The risk of heparin-associated bleeding increases with the dose
The American College of Cardiology recommends a heparin bolus of 60 to 70 U/kg (maximum dose, 5,000 U) and the infusion of 12 to 15 U/kg/h (maximum dose, 1,000 U per hour) for unstable angina and non-ST-segment elevation myocardial infarction (MI), and somewhat lower dosing (60 U/kg bolus [maximum dose, 4,000 U], and 12 U/kg infusion (maximum dose, 1,000 U per hour) in patients receiving recombinant tissue plasminogen activator (rt-PA) [alteplase] for acute ST-segment elevation MI. In patients undergoing percutaneous coronary interventions, heparin is administered in conjunction with glycoprotein IIb/IIIa inhibitors as a bolus of 70 U/kg, with additional boluses administered to keep the activated clotting time (ACT) at > 200 s.
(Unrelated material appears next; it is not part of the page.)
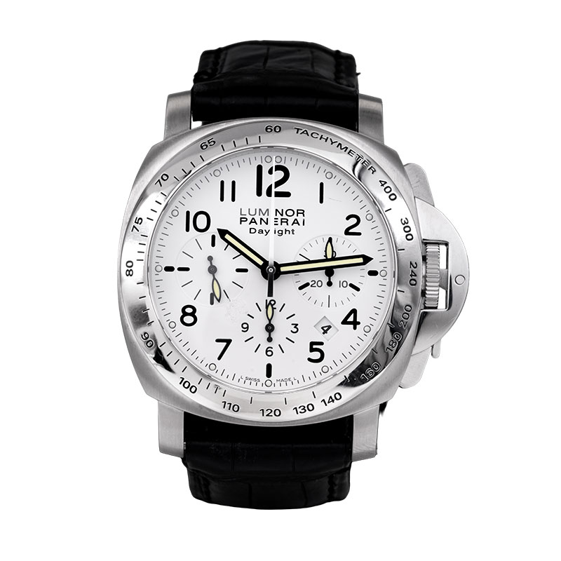 Pre-owned Panerai Luminor Daylight Chrono PAM188 watch, 44m in stainless steel with a white dial, black leather strap, folding clasp, and automatic movement with box & papers.

The risk of heparin-associated bleeding increases with the dose, and with thrombolytic therapy or glycoprotein IIb/IIIa inhibitor therapy. The risk of bleeding is also increased if the patient has recently undergone surgery, trauma, or invasive procedures, or has concomitant hemostatic defects. A relationship has been reported between the dose of heparin administered and both its efficacy and safety. Therefore, the dose of heparin must be adjusted, usually by the measurement of the aPTT, or, when very high doses are given, by ACT. These tests are sensitive mainly to the AT effects of heparin.
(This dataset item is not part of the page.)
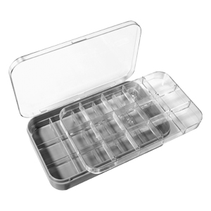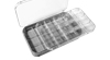 Practical assortment cases with clear hinged lid and two transparent levels with each 15 subdivisions.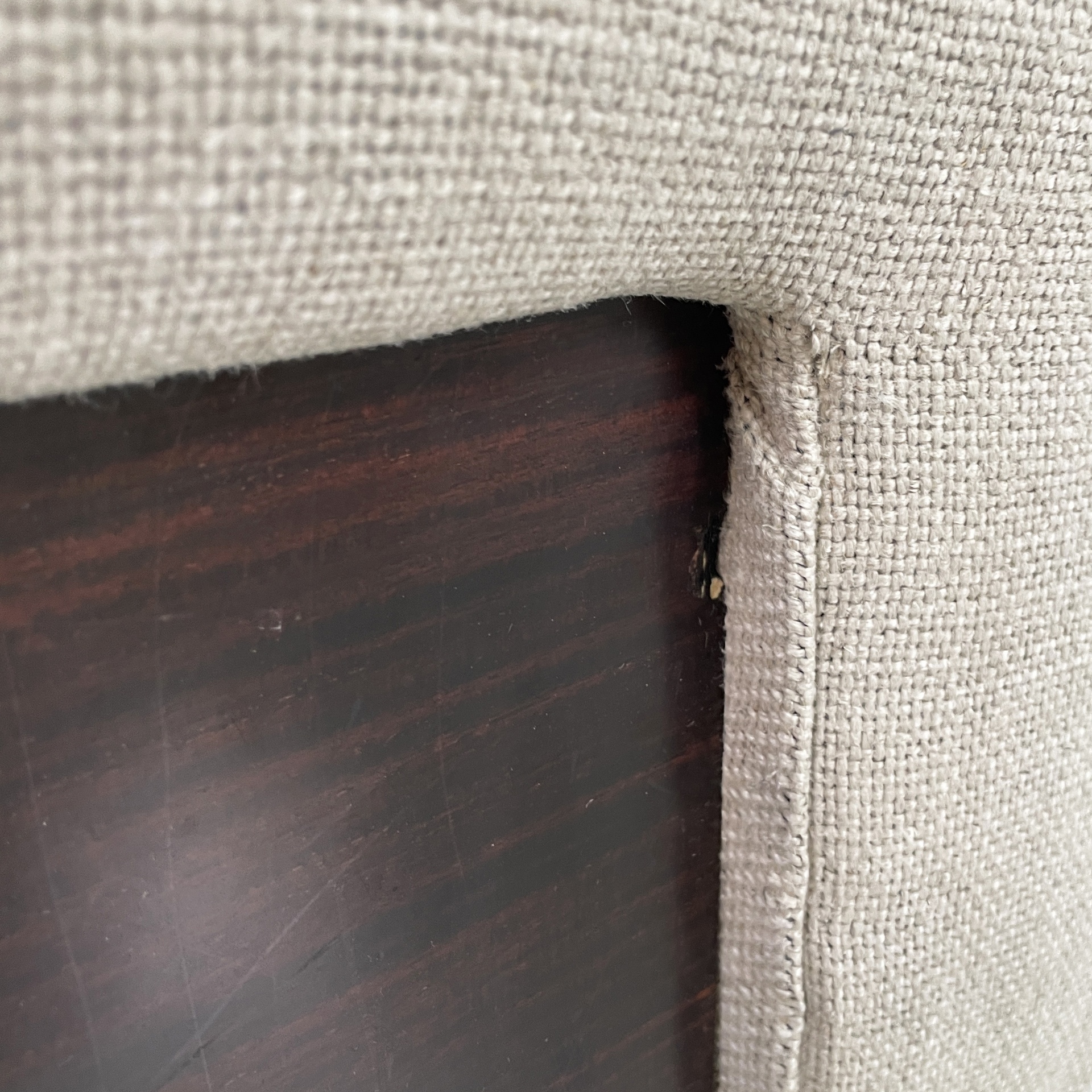 Buone condizioni, segni sparsi sul legno. Tappezzata a nuovo.

The anticoagulant effect of heparin is monitored by the aPTT when usual therapeutic doses are used and by the ACT when higher doses are used in association with percutaneous coronary interventions and cardiopulmonary bypass surgery. In the 1970s, an aPTT in the range of 1.5 to 2.5 times the control value was shown to be associated with a reduced risk for recurrent thromboembolism. Thereafter, a therapeutic aPTT range of 1.5 to 2.5 times the control value gained wide clinical acceptance.
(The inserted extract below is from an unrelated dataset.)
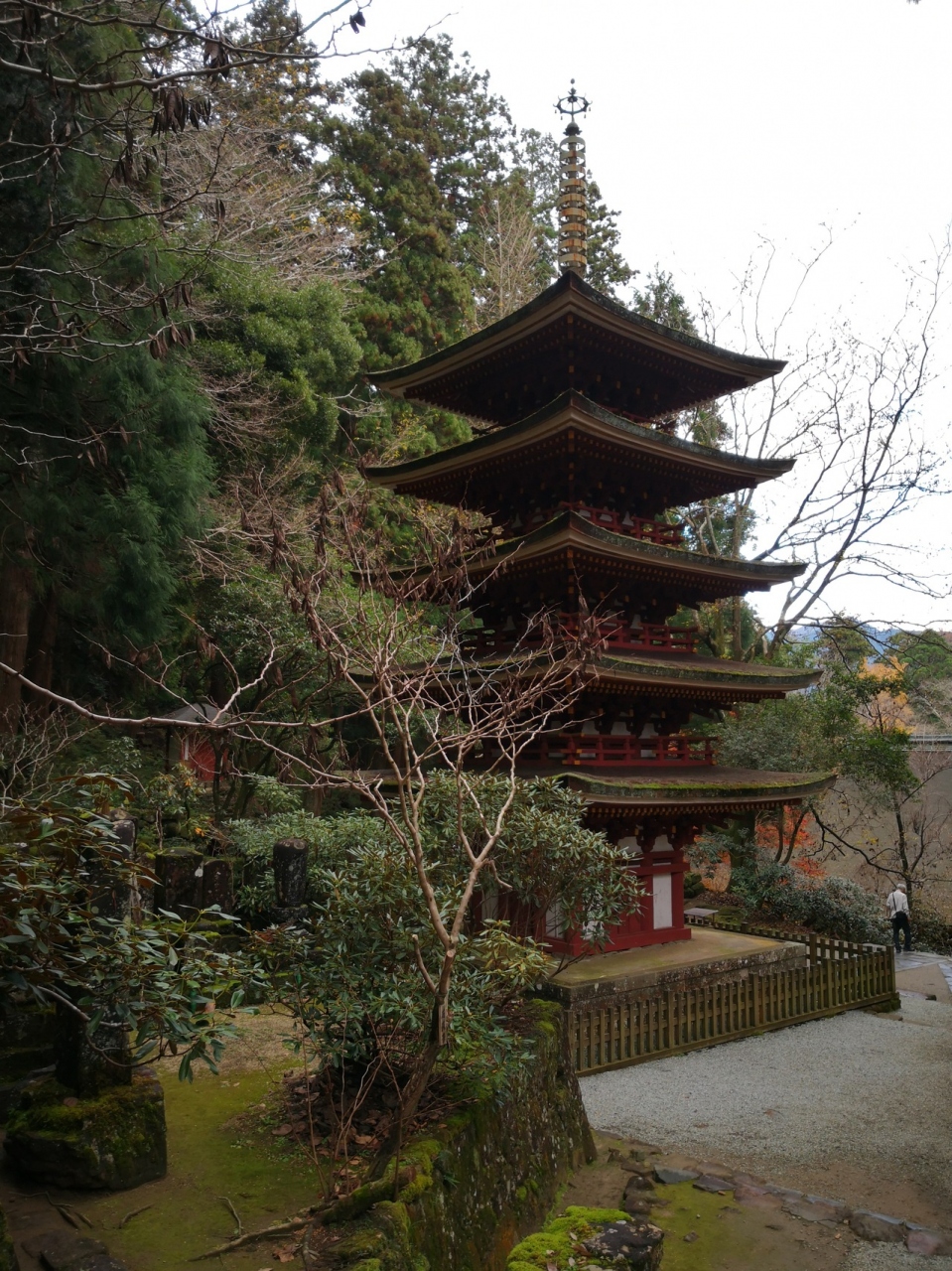 奈良の室生寺に有る、屋外に建つものでは、日本で一番小さい五重塔です。16.1メートルで、小さいですが国宝です。階段を上がって行くと左に続く道があります。

However, the reagents and instruments used to determine the aPTT have changed in the past 25 years. Thus, there are now > 300 different laboratory methods in current use, and as a result there is a wide variation in responsiveness to an anticoagulant among different laboratories. This variability is due to differences among thromboplastin reagents and coagulometer instruments. The magnitude of this variability is highlighted by the observation that at plasma heparin concentrations of 0.3 IU/mL (by factor Xa inhibition) the mean aPTT results range from 48 to 108 s, depending on the laboratory method employed. At therapeutic heparin levels (ie, 0.3 to 0.7 anti-factor Xa units), modern thromboplastin reagents produce aPTT ratios that range from 1.6 to 2.7 to 3.7 to 6.2 times the control value (Table 3). It is clear, therefore, that the use of a standard aPTT therapeutic range of 1.5 to 2.5 for all reagents and methods of clot detection leads to the systematic administration of subtherapeutic doses of heparin.
Despite these shortcomings, the aPTT is the most common method used for monitoring its anticoagulant response.